[Dataset records — start]

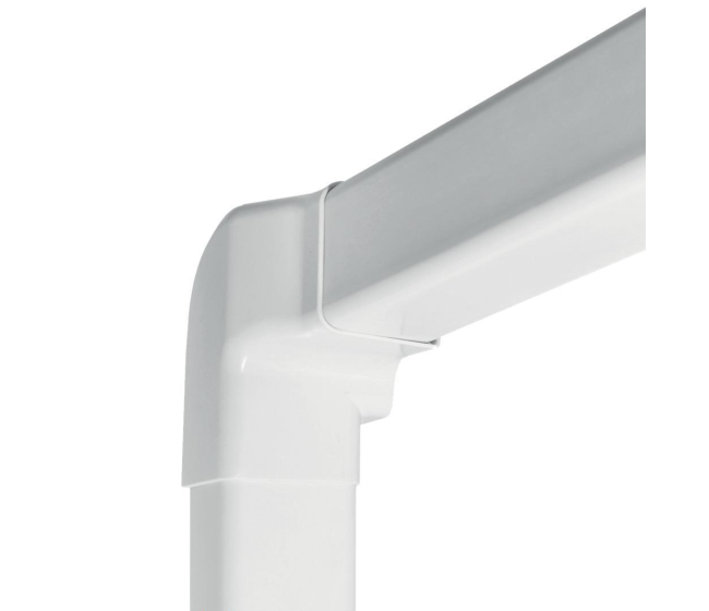 Použitie: spája žľaby s otočením o 90°, umožňuje viesť žľaby klimatizácie v ľavom vertikálnom smere, napríklad zo steny na stenu alebo zo steny na strop. Farba: Čistá biela, snehovo biela.
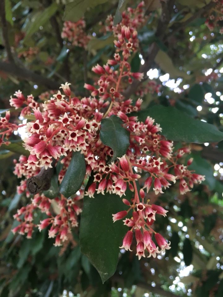 密密麻麻的粉紫色的小花朵布满了枝头,大有一种铺天盖地的感觉。园锥花序腋生或顶生,无花瓣,看到的是花萼。微风吹过满地的落英煞是好看。
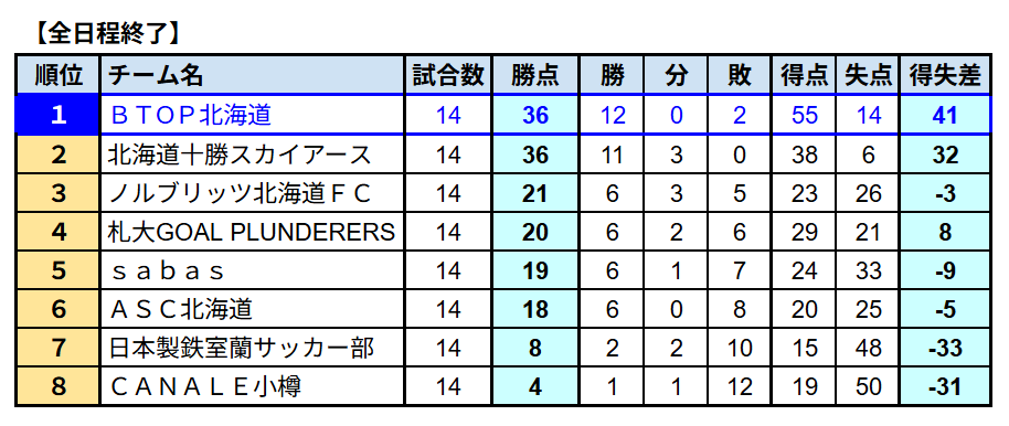 北海道サッカーリーグの最終節は北海道十勝スカイアースとBTОP北海道の直接対決があり、十勝が勝利してBTОPに勝ち点で並んだものの得失点差で及ばず、BTОP北海道の優勝となりました。
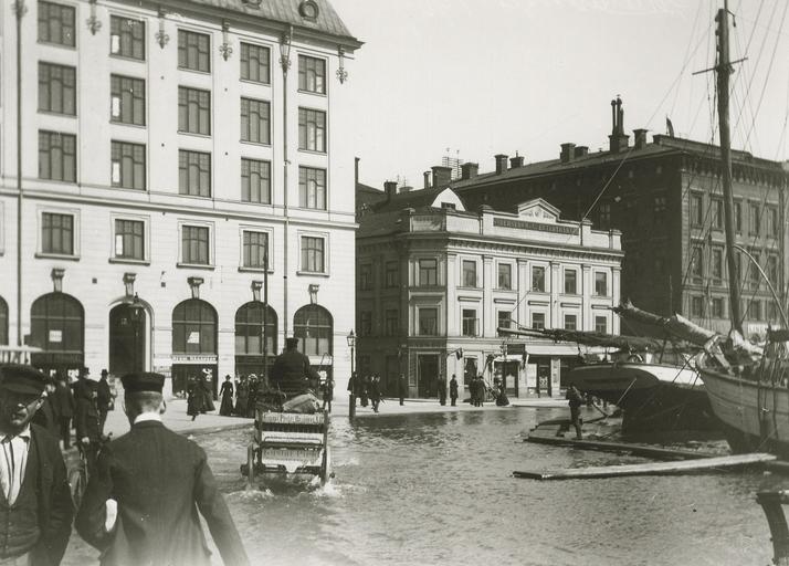 Keywords: Mälartorget 1904.jpg sv Mälartorget med översvämning Stockholms stadsmuseum A Malmström 1904 Kvarteret Iason Mälartorget Kvarteret Midas 1904 in Stockholm Gamla stan in the 1900s PD-old
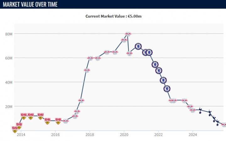 29岁的维尔纳在2020年以5300万欧元转会费加盟切尔西,也是在2020年,球员巅峰身价一度达到8000万欧元,但如今维尔纳身价已经跌至500万欧,他与莱比锡的合同将于明夏到期。
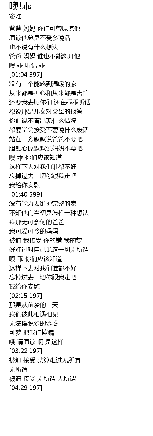 | [01:00.590] | 噢 乖 听话 乖 |
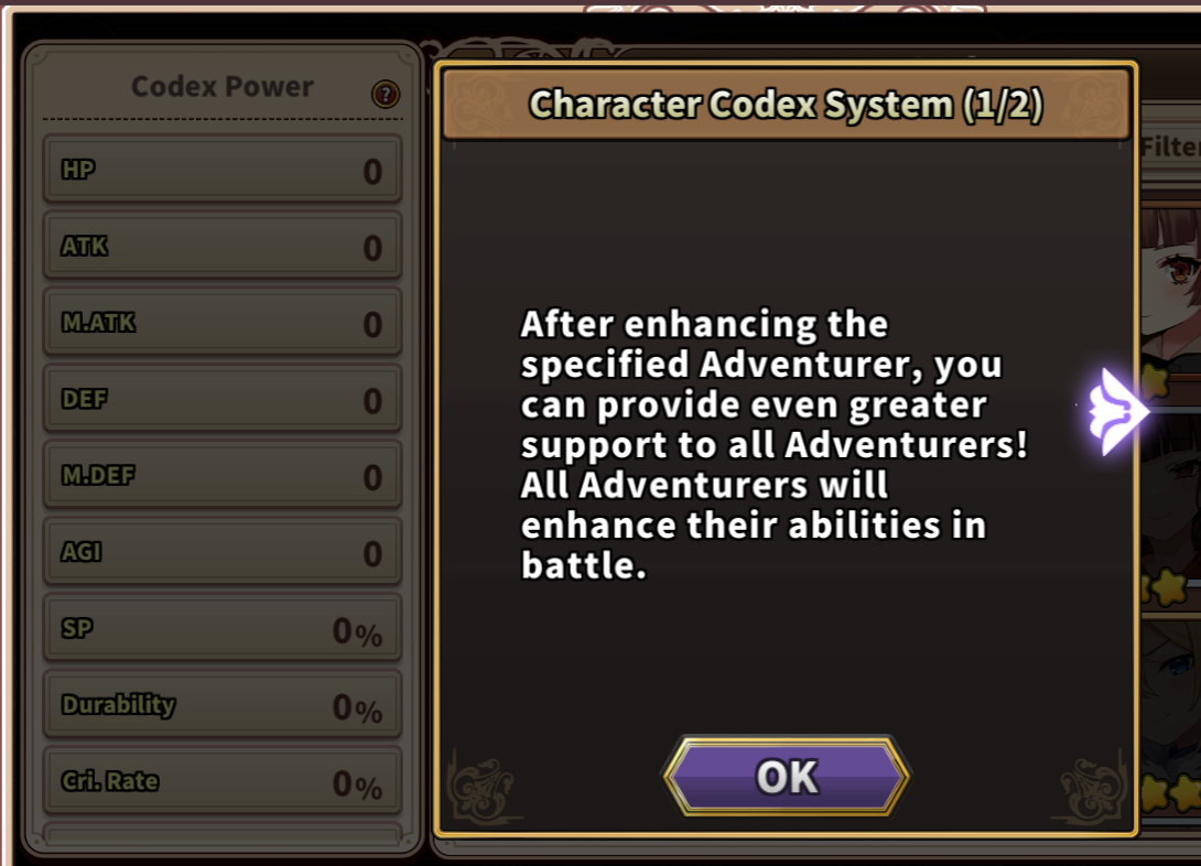 π Codex: The Codex found within the system configuration and main menus serves as a centralized collection and progression system for the adventurers you have encountered or recruited.
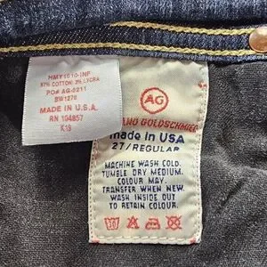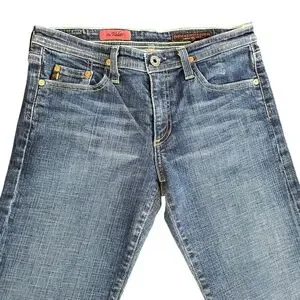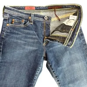 These stylish AG "The Rider" dark wash jeans have a comfortably lived-in look with a western flare. They have a cotton Lyra blend to give them durability and stretch for all day comfortable.
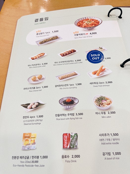 사이드 메뉴까지 준비되어 있는
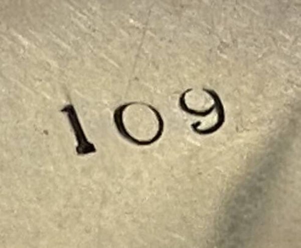 Zilverstempels: K staat voor 1869, de leeuw is een standaard Engelse zilverstempel wat staat voor sterling zilver .925, de kroon staat voor de stad en dat is in dit geval Sheffield en de vlag is een stempel van de ontwerper.
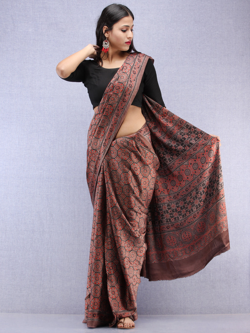 Kashish Beige Black Ajrakh Hand Block Printed Modal Silk Saree - S031704448
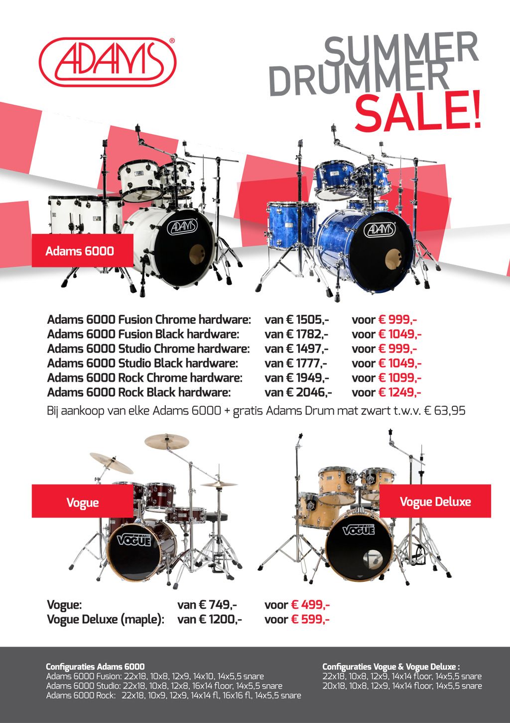 Vogue, Vogue Deluxe en Adams 6000 drums zijn nu zeer voordelig geprijsd! Wees er snel bij want op = op!

[Dataset records — finish]

» Exercise instructions
The records above should be copied word for word, with the pictures left out.

» Response area
 Použitie: spája žľaby s otočením o 90°, umožňuje viesť žľaby klimatizácie v ľavom vertikálnom smere, napríklad zo steny na stenu alebo zo steny na strop. Farba: Čistá biela, snehovo biela.
 密密麻麻的粉紫色的小花朵布满了枝头,大有一种铺天盖地的感觉。园锥花序腋生或顶生,无花瓣,看到的是花萼。微风吹过满地的落英煞是好看。
 北海道サッカーリーグの最終節は北海道十勝スカイアースとBTОP北海道の直接対決があり、十勝が勝利してBTОPに勝ち点で並んだものの得失点差で及ばず、BTОP北海道の優勝となりました。
 Keywords: Mälartorget 1904.jpg sv Mälartorget med översvämning Stockholms stadsmuseum A Malmström 1904 Kvarteret Iason Mälartorget Kvarteret Midas 1904 in Stockholm Gamla stan in the 1900s PD-old
 29岁的维尔纳在2020年以5300万欧元转会费加盟切尔西,也是在2020年,球员巅峰身价一度达到8000万欧元,但如今维尔纳身价已经跌至500万欧,他与莱比锡的合同将于明夏到期。
 | [01:00.590] | 噢 乖 听话 乖 |
 π Codex: The Codex found within the system configuration and main menus serves as a centralized collection and progression system for the adventurers you have encountered or recruited.
 These stylish AG "The Rider" dark wash jeans have a comfortably lived-in look with a western flare. They have a cotton Lyra blend to give them durability and stretch for all day comfortable.
 사이드 메뉴까지 준비되어 있는
 Zilverstempels: K staat voor 1869, de leeuw is een standaard Engelse zilverstempel wat staat voor sterling zilver .925, de kroon staat voor de stad en dat is in dit geval Sheffield en de vlag is een stempel van de ontwerper.
 Kashish Beige Black Ajrakh Hand Block Printed Modal Silk Saree - S031704448
 Vogue, Vogue Deluxe en Adams 6000 drums zijn nu zeer voordelig geprijsd! Wees er snel bij want op = op!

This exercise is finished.